It was a busy day for éirígí activists in Baile Átha Cliath yesterday, Saturday March 15. The day began with the Anarchist Bookfair, which opened at 11am in the Teachers’ Club on Parnell Square in Dublin City centre. This annual event, which has grown in strength since its inception three years ago, represents a valuable showcase for many of Ireland’s progressive organisations.
éirígí, Shell to Sea, the Workers’ Solidarity Movement, the Ireland-Palestine Solidarity Campaign, Residents Against Racism, the Irish Socialist Network and the Seomra Spraoi Social Centre were among the groups present. The éirígí stall attracted plenty of interest with many taking the opportunity to find out more about the party and the campaigns that it is involved in.
While the bookfair continued throughout the day a group of éirígí activists in west Dublin’s Clondalkin braved the rain and wind to stage the first in a series of local area protests against both British royal visits to Ireland and the ongoing occupation of the six counties. The protest, which attracted regular supportive car horn beeps from passing motorists, was the first public protest by éirigi in this area of Dublin.
Several hundred leaflets were distributed to pedestrians and motorists alike during the course of the one-hour protest. éirígí chairperson Brian Leeson, who was at the protest, commented on how it was another positive step in éirígi’s development,
‘While we have previously distributed 1916 Proclamations and other éirígi material to thousands of homes in the Clondalkin area this is the first time that we have had a public protest in the area. This part of Dublin has historically had a large republican constituency and to judge by the positive reaction of people here today that hasn’t changed.’
Brian continued by encouraging people in Clondalkin to become involved in supporting éirígí campaigns in the area, ‘Over the course of the last couple of months éirígí has begun to develop a local organisation in the Clondalkin and Lucan area. I’d like to take this opportunity to ask republicans and socialists living here to get involved in supporting us as we build popular opposition to both the British occupation and the current socio-economic system.’
On Saturday evening up to 150 people attended an éirígí function in the Ayrefield social centre in Coolock on Dublin’s northside.

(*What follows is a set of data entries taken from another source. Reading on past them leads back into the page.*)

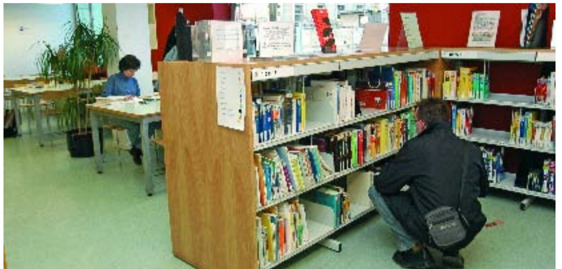
La biblioteca, ubicada al centre Riera Blanca, és un equipament de referència al Racó de les Cortes.
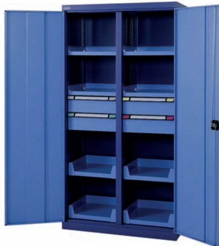
Schwerlastschrank mit 4 Schubladen, 4 Fachböden und 4 Auszugsböden

4 Schubladen H150, 4 Auszugsböden 4 Fachböden
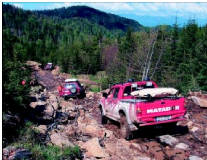
Presuny sme často absolvovali cez svoje rumunské horské „dialnice“, ktorých základ tvorili kamene.
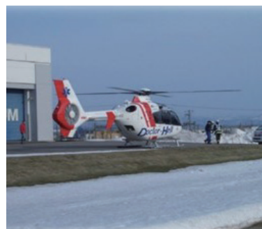
ドクターヘリの常時受入れや、スカイパトロールを行う航空防災活動

航空機材を活用し、地域に根ざした積極的なまちづくり活動を実施することにより、たきかわスカイパークには年間3万人が訪れるなど大空に一番近い場所として地域住民に親しまれています。

The event was organised to commemorate the 150th anniversary of the founding of the Irish Republican Brotherhood on St Patrick’s Day in 1858.
While the musicians took a well deserved break éirígí’s Breandán Mac Cionnaith gave a brief summary of the foundation and history of the Fenian movement before asking for a minute’s silence in memory of Rosemary Nelson who was murdered by a pro-British death squad on March 15, 1999.